# Friend's DS/GSD puppies



## Debbie Skinner (Sep 11, 2008)

I've been puppy sitting Tim Welch's litter for the last 2 weeks. They are cute and playful. The sire is a Czech line GSD and the dam is "Ginger" his FRI Dutchie. 

We tied them out for the first time yesterday at training and they took it well.

9 weeks old in the pixs. I was trying to think of a cute name for them because they are a "designer working dog" cross between GSD x DS, but haven't had any luck. So I guess they are Welch Shepherds!


----------



## Denise Gatlin (Dec 28, 2009)

Let me know what name you come up with because I too have two 13 week old Dutch/German cross pups. Very nice thus far.


----------



## Debbie Skinner (Sep 11, 2008)

Denise Gatlin said:


> Let me know what name you come up with because I too have two 13 week old Dutch/German cross pups. Very nice thus far.

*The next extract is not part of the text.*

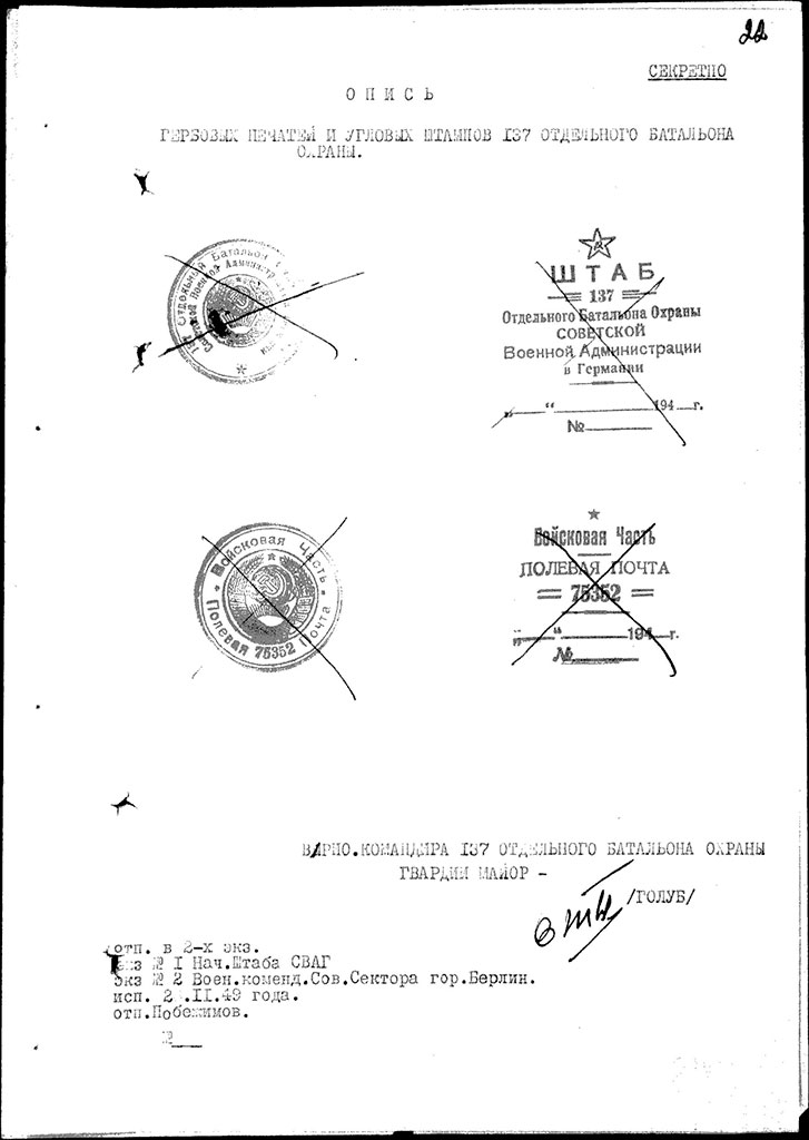 43 Директивное указание начальника Штаба СВАГ № 6/0325 от 11.07.48 г. командирам 133 и 137 обо по охране особо важного хранилища «Бункер». Заверенная копия. ГАРФ, ф. 7317, оп. 7, д. 68, л. 281.

Share some pixs, please! :-D


----------



## Lynn Cheffins (Jul 11, 2006)

handsome pups!


----------



## will fernandez (May 17, 2006)

Rhine(rijn) Shepherds--Used by shepherds that would graze their sheep along the banks of the Rhine river in days long gone. A few have been found and this rare breed has been saved. priced at 3500 dollars a pup. (just send me 20 percent share of the profits)


----------



## Debbie Skinner (Sep 11, 2008)

Pictures at about 8 weeks old.


----------



## Denise Gatlin (Dec 28, 2009)

Debbie Skinner said:


> Share some pixs, please! :-D


As soon as I get back home (at work now) I will download pics of the two pups playing in Louisiana sneaux, with really funny ear thing going on, from a couple weeks ago. And post a couple of them now. So, come up with a name yet? Welsh Sheps? Rhine Sheps? Doesnt matter as my two will be altered. Am very intrigued with this combo. Interesting to watch their personality traits progress some both of the GSD and DS. Driven, inquisitive, intuitive, fast learners, very 'biddable' (like that word now that I truly know what it means. These are just babes so we will see what transpires. Will be very interested in their health aspects as adults as well.


----------



## Denise Gatlin (Dec 28, 2009)

Durmans or Gertchs......


----------



## Debbie Skinner (Sep 11, 2008)

will fernandez said:


> Rhine(rijn) Shepherds--Used by shepherds that would graze their sheep along the banks of the Rhine river in days long gone. A few have been found and this rare breed has been saved. priced at 3500 dollars a pup. (just send me 20 percent share of the profits)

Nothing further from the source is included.